BANGOR, Maine — A New York man who in August completed a 32-month sentence for selling crack cocaine in Hancock County was sentenced Thursday on additional state and federal charges that stemmed from his drug dealing.

Oscar Nunez, 27, of Verona Island and Bronx, New York, was sentenced in the morning in U.S. District Court to six years and 10 months in federal prison on a gun charge. He was sentenced in the afternoon at the Penobscot Judicial Center to 20 years in state prison with all but eight years suspended for arson and criminal threatening in connection with an incident at a home in Orrington more than three years ago.

Superior Court Justice William Anderson ordered Nunez to serve the sentences at the same time.

Outside the judicial center, Penobscot County District Attorney R. Christopher Almy pointed to Nunez’s case as one of the reasons Gov. Paul LePage has been seeking more funding for drug investigators and prosecutors.

“This is an example of what drug trafficking can do in our communities,” he said.

The charges in both counties stemmed from an investigation by the Maine Drug Enforcement Agency. Police in 2012 found 66.1 grams of crack cocaine in Nunez’s Verona Island apartment. They also found a gun at his apartment. He was prohibited from possessing a gun because of a felony drug conviction in New York.

The incident on July 22, 2012, at the home on Johnson Mill Road in Orrington stemmed from what Nunez believed was his former driver’s interference in the drug operation. The homeowner was a taxi driver whom Nunez paid in heroin to drive him, according to Almy.

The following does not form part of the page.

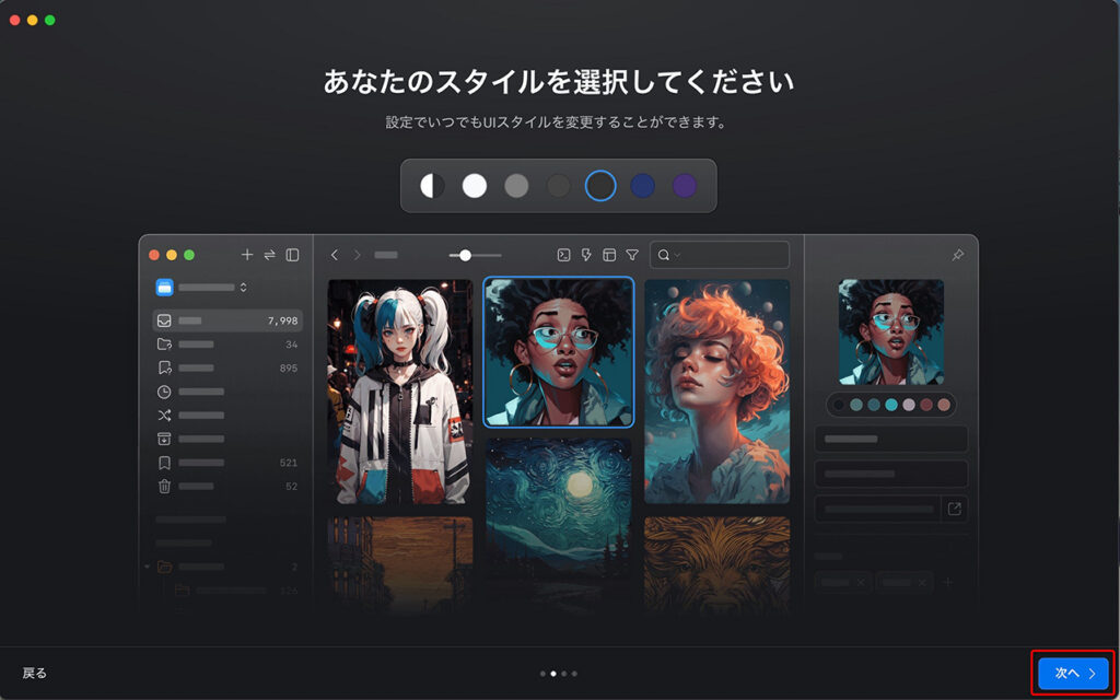 自分の好みのUIスタイル(アプリの背景色)を選択し、「次へ」をクリックします。

By pleading guilty to arson and criminal threatening, Nunez admitted that in July 2012, he poured gasoline around an Orrington home and set it on fire after shots were fired at the house, endangering, but not injuring, its occupants. The house had minor damage from the fire, according to a previously published report.

Nunez pleaded guilty in September 2014 to the Penobscot County charges. He pleaded guilty to the federal charge of being a felon in possession of a firearm in January.

After completing his federal sentence, Nunez will be on supervised release for three years. He was sentenced Thursday to be on probation on the state charges for four years.

In a plea agreement with Almy, an attempted murder charge was dismissed Thursday. The deal called for Almy to recommend a sentence of 24 years with all but 14 suspended, which he did Thursday. Almy also asked that Nunez serve his state sentence after he completed his federal sentence.

Defense attorney Hunter Tzovarras of Bangor urged the judge to sentence his client to 18 years with all but 10 suspended and subtract the three years he already has served on the Hancock County charge.

Nunez faced up to 30 years in prison and a fine of up to $50,000 on the arson charge. He faced up to 10 years in prison and a fine of up to $250,000 on the federal charge.